BMC Infectious Diseases volume 17, Article number: 454 (2017) Cite this article

Abstract

Background

Plasmodium falciparum infection can progress unpredictably to severe forms including respiratory distress and cerebral malaria. The mechanisms underlying the variable natural course of malaria remain elusive.

Methods

The cerebral microvascular endothelial cells-D3 and lung endothelial cells both from human were cultured separately and challenged with P. falciparum field isolates taken directly from malaria patients or 3D7 strain (in vitro maintained culture). The capacity of these P. falciparum isolates to induce endothelial cell apoptosis via cytoadherence or not was then assessed.

Results

Overall, 27 P. falciparum isolates were collected from patients with uncomplicated malaria (n = 25) or severe malaria (n = 2).

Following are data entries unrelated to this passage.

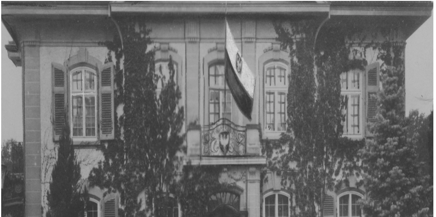
Gmach Poselstwa RP w Bernie

https://przystanekhistoria.pl/pa2/tematy/stosunki-miedzynarodowe/93719,Telegramy-czasu-wojny.html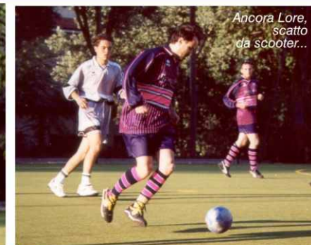
Ancora Lore, scatto da Scooter...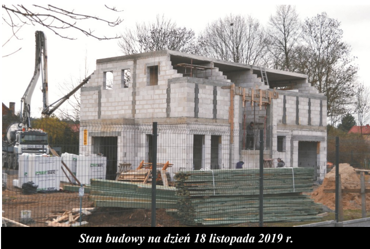
Stan budowy na dzień 18 listopada 2019 r.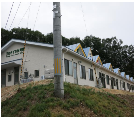
102年10月7日舉辦完工典禮的岩手縣山田町日台の絆保育園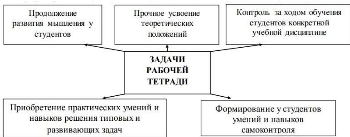
Рисунок 1 – Задачи рабочей тетради по правовым дисциплинам в профессиональной образовательной организации

Задачи рабочей тетради по правовым дисциплинам в профессиональной образовательной организации представлены на рисунке 1.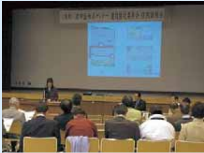
▲検討委員による基本設計案の紹介

その後、この構想案を基に、各室のレイアウトや設備などの内容や仕様のほか、利用者にとって必要な施設の機能に 最初の説明では、使いやすさや自然光の有効活用、防犯・防災といった設計の基本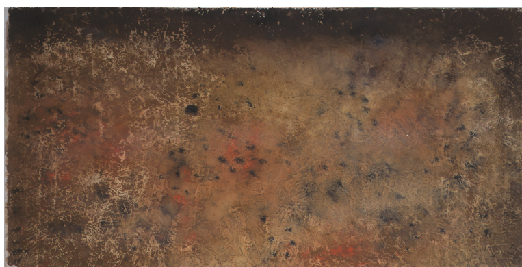
Sanstitre , 1961 - Monotype - 48,5x99cm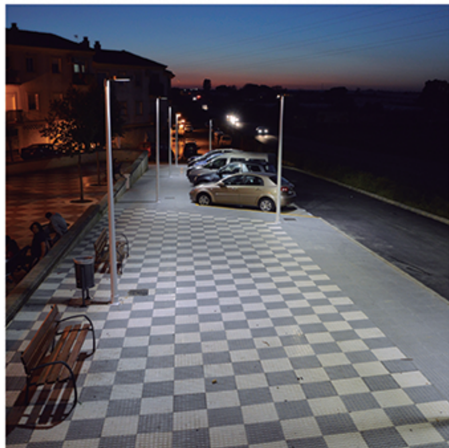
/ La obra de reurbanización de la Calle Naranjo ha resuelto un problema que se arrastraba desde hace décadas, dando salida al tráfico.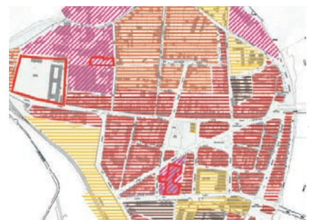
Étude urbaine sur Montauban «Typologie de l'occupation du sol sur les deux quartiers de Sapiac et Villebourbon.

Le taux de financement maximum est de 50 % (études), 40 % (travaux de prévention) et 25 % (travaux de protection).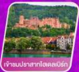
เจ้าชายนปราสาทไอศพลเบิร์ก

โรงแรม 4 ดาว อาหาร 14 มื้อ โทคน้ำเที่ยว น้ำหนัก 23 กก.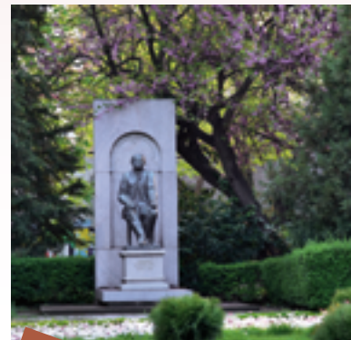
8 El Jardín de Dondukov (1878) es el parque más antiguo de las tierras búlgaras.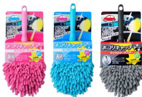
ホコリキャッチャー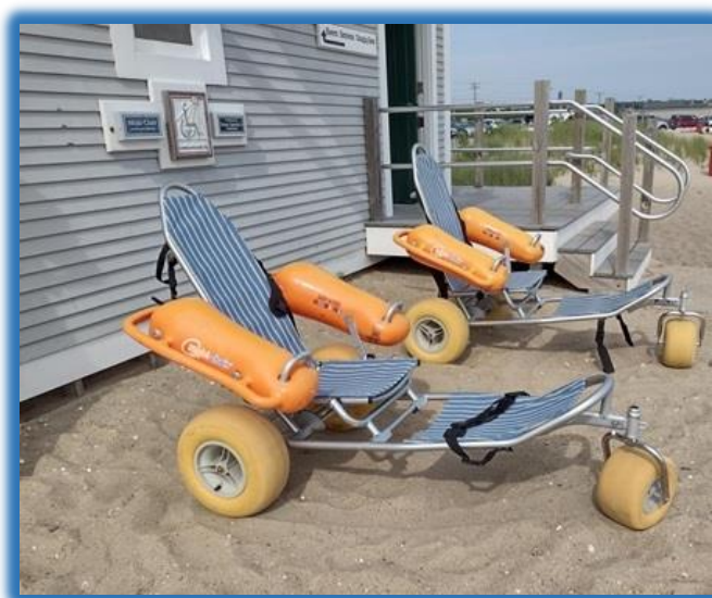
Exemple de fauteuil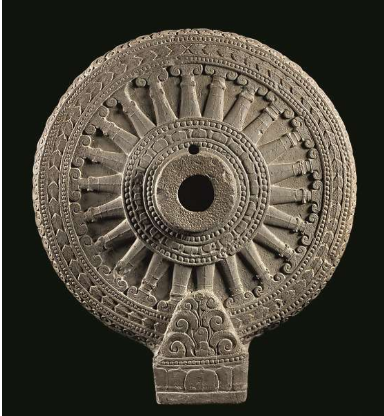
រូបលេខ៥ ៖ ចម្លាក់ធម្មចក្រ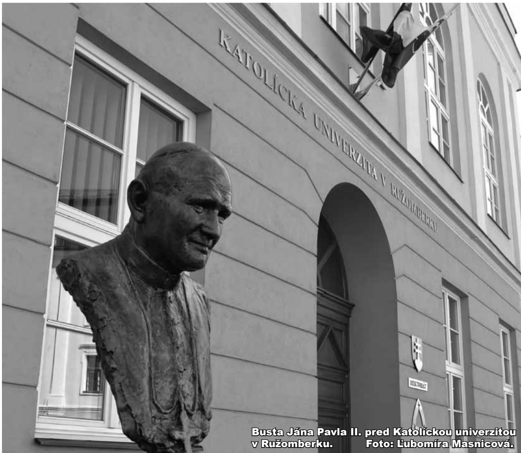
Busta Jána Pavla II. pred Katolíckou univerzitou v Ružomberku.

Po drotárskych stopách našich predkov putujeme z bytčianskej doliny cez Semeteš až do Korne. V tamojšom Kostole Božského Srdca Ježišovho sa ponoríme do modlitby za Jána Pavla II. ako vďaka za jeho po-

About half the isolates (n = 17) were able to bind brain endothelial cells (12 isolates, 44%) or lung endothelial cells (17 isolates, 63%) or both (12 isolates, 44%). Sixteen (59%) of the 27 isolates were apoptogenic for brain and/or lung endothelial cells. The apoptosis stimulus could be cytoadherence, direct cell-cell contact without cytoadherence, or diffusible soluble factors. While some of the apoptogenic isolates used two stimuli (direct contact with or without cytoadherence, plus soluble factors) to induce apoptosis, others used only one. Among the 16 apoptogenic isolates, eight specifically targeted brain endothelial cells, one lung endothelial cells, and seven both.

Conclusion

These results indicate that the brain microvascular cell line was more susceptible to apoptosis triggered by P. falciparum than the primary pulmonary endothelial cells and may have relevance to host-parasite interaction.

Peer Review reports

Background

Plasmodium falciparum malaria is a life-threatening parasitic disease that kills some half a million people each year, mostly children living in sub-Saharan Africa. The outcome of the infection, which may be asymptomatic, symptomatic, or life-threatening, is known to be influenced by parasite, host, environmental and socioeconomic factors [1]. In Gabon, respiratory distress and cerebral malaria represent, respectively 31% and 24% of severe falciparum in children [2]. However, the molecular mechanisms underlying this variable pathogenicity are unclear. A combination of the parasitized red blood cell (pRBC) binding (cytoadhesion, agglutination and rosetting), the host environmental and inflammatory response, endothelial cell (EC) activation, and altered hemostasis can lead to blood pulmonary/brain barrier impairment [3]. Cerebral malaria accounts for a significant proportion of malaria mortality and is associated with sequestration of pRBC in brain microvessels, especially pRBC expressing PfEMP-1 domain cassettes 8 and 13 [4, 5]. It has been also demonstrated that pRBC-EC adherence induces caspase 8, 9 and 3 activation, EC apoptosis, and modulates EC expression of TNF-α superfamily genes (Fas, Fas L, DR-6) and apoptosis-related genes (Bad, Bax, Caspase-3, SARP 2, DFF45/ICAD, IFN-γ Receptor 2, Bcl-w, Bik and iNOS) [6]. pRBC-EC adherence also leads to microvessels blockage, hypoxia, proinflammatory cytokine secretion [6,7,8,9], EC junction modifications, and EC barrier permeabilization [8, 10, 11].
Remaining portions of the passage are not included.